* _STORED DATA_
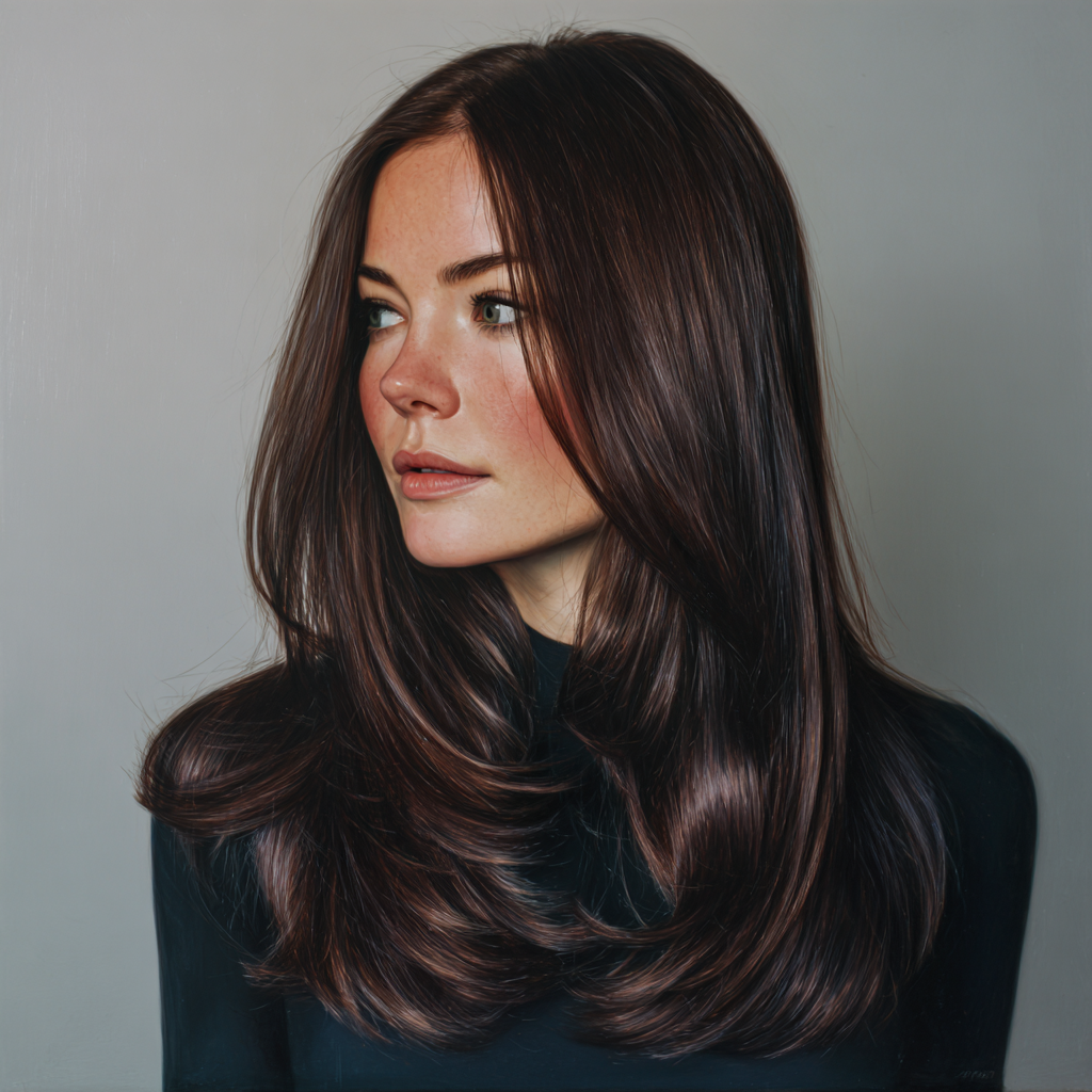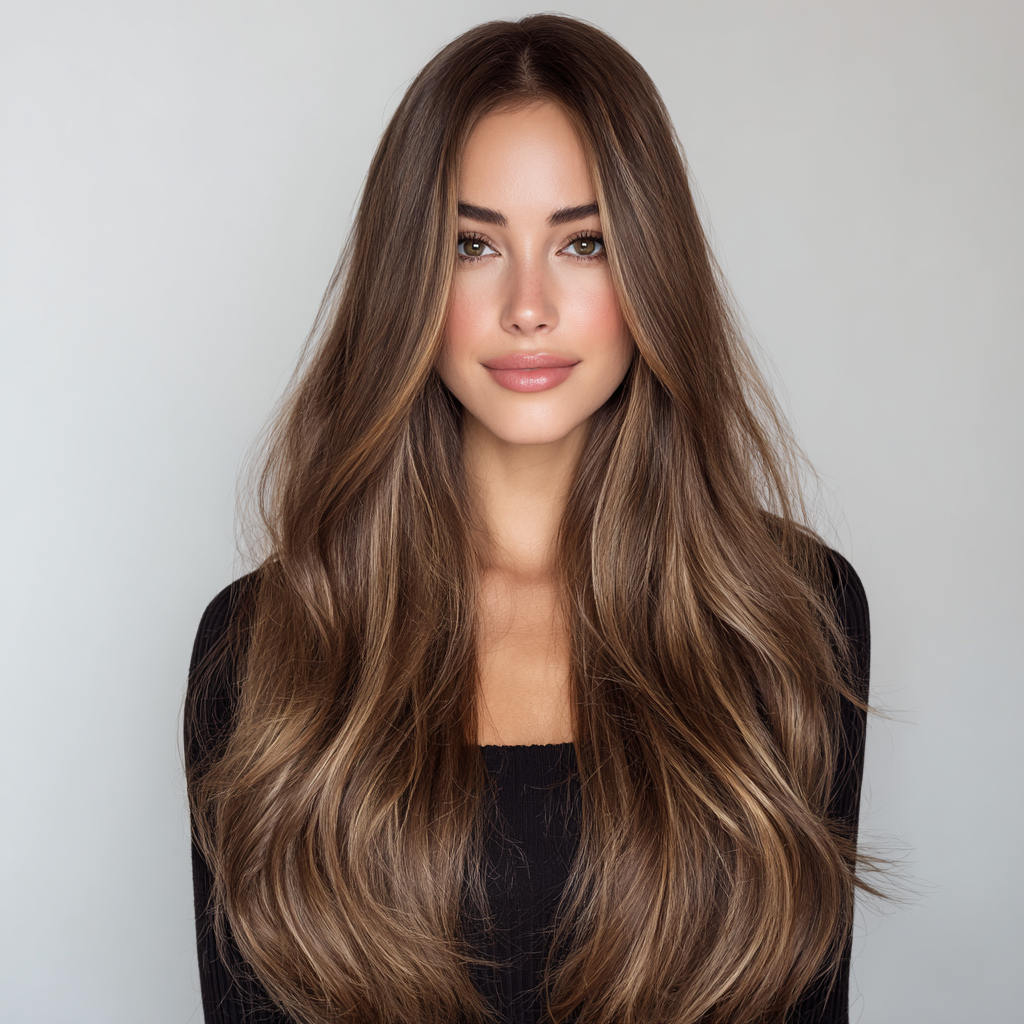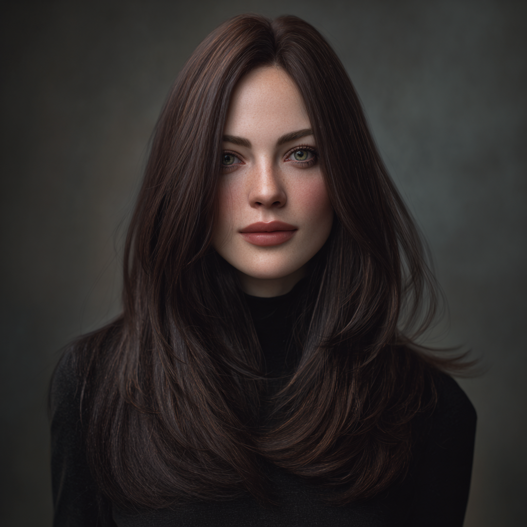 This style enhances natural beauty with delicately cut layers that fall around the face. The soft framing draws attention to the eyes and cheekbones while maintaining the long, flowy length.
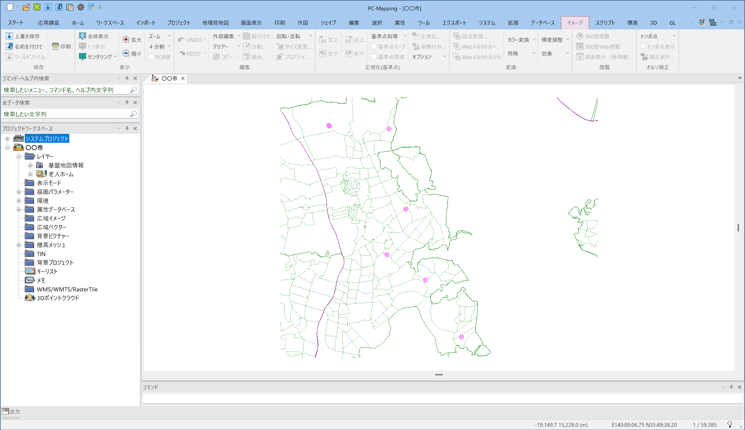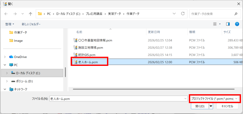 4.6.2.「老人ホーム」プロジェクトの追加 Tweet 「4.6.1.元となる基盤値情報の設定」」で作成した「作業データ」フォルダー内の「施設立地環境.pcm」に対し、「4.3.アドレスマッチングデータ」で作成したプロジェクト(老人ホーム.pcm)を追加します。 音声 by 動画制作会社VIDWEB プロジェクトファイルを追加 ①[プロジェクトエキスパート]で、プロジェクトタイトル をマウスクリックでカレントとしてから、【追加】ボタン -[ファイル読み込み]をクリックし、[ファイルを 開く]ダイアログボックスを表示します。 ②ファイルの種類を「プロジェクトファイル(pcm、 pcms)」としてから、「老人ホーム.pcm」を指定し、 【開く】ボタンをクリックします。 ③老人ホームのポイントデータが追加されます。 老人ホームレイヤーを前景とすると、ピンク色に強調表示 されたポイントが確認できます。 ④プロジェクトを 【上書保存】します。
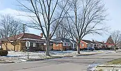 During World War II, the African-American population in Detroit ballooned to 300,000 residents.[2] However, blacks were restricted in where they could live due to housing covenants, overpriced rent, and other forms of discrimination.[2] To alleviate the shortage of housing space, Julius and William Schwartz platted the Annapolis Park suburb in what was then Nankin Township and is now Westland, specifically for African-Americans.[2] The neighborhood was platted in three sections: one in 1953, one in 1954, and one in 1955.[3] A fourth Annapolis Park platting, in 1961, is not included in the Historic District. When local banks proved reluctant to provide mortgages to prospective home owners, the Schwartzes also established the Franklin Mortgage Company to make loans to residents.[2]

* _EXERCISE_
The copy should hold exactly the lines from the line containing "されたポイントが確認できます。 ④プロジェクトを 【上書保存】します。" through the end of the data, both ends included, and no pictures.

* _REPLY_
 4.6.2.「老人ホーム」プロジェクトの追加 Tweet 「4.6.1.元となる基盤値情報の設定」」で作成した「作業データ」フォルダー内の「施設立地環境.pcm」に対し、「4.3.アドレスマッチングデータ」で作成したプロジェクト(老人ホーム.pcm)を追加します。 音声 by 動画制作会社VIDWEB プロジェクトファイルを追加 ①[プロジェクトエキスパート]で、プロジェクトタイトル をマウスクリックでカレントとしてから、【追加】ボタン -[ファイル読み込み]をクリックし、[ファイルを 開く]ダイアログボックスを表示します。 ②ファイルの種類を「プロジェクトファイル(pcm、 pcms)」としてから、「老人ホーム.pcm」を指定し、 【開く】ボタンをクリックします。 ③老人ホームのポイントデータが追加されます。 老人ホームレイヤーを前景とすると、ピンク色に強調表示 されたポイントが確認できます。 ④プロジェクトを 【上書保存】します。
 During World War II, the African-American population in Detroit ballooned to 300,000 residents.[2] However, blacks were restricted in where they could live due to housing covenants, overpriced rent, and other forms of discrimination.[2] To alleviate the shortage of housing space, Julius and William Schwartz platted the Annapolis Park suburb in what was then Nankin Township and is now Westland, specifically for African-Americans.[2] The neighborhood was platted in three sections: one in 1953, one in 1954, and one in 1955.[3] A fourth Annapolis Park platting, in 1961, is not included in the Historic District. When local banks proved reluctant to provide mortgages to prospective home owners, the Schwartzes also established the Franklin Mortgage Company to make loans to residents.[2]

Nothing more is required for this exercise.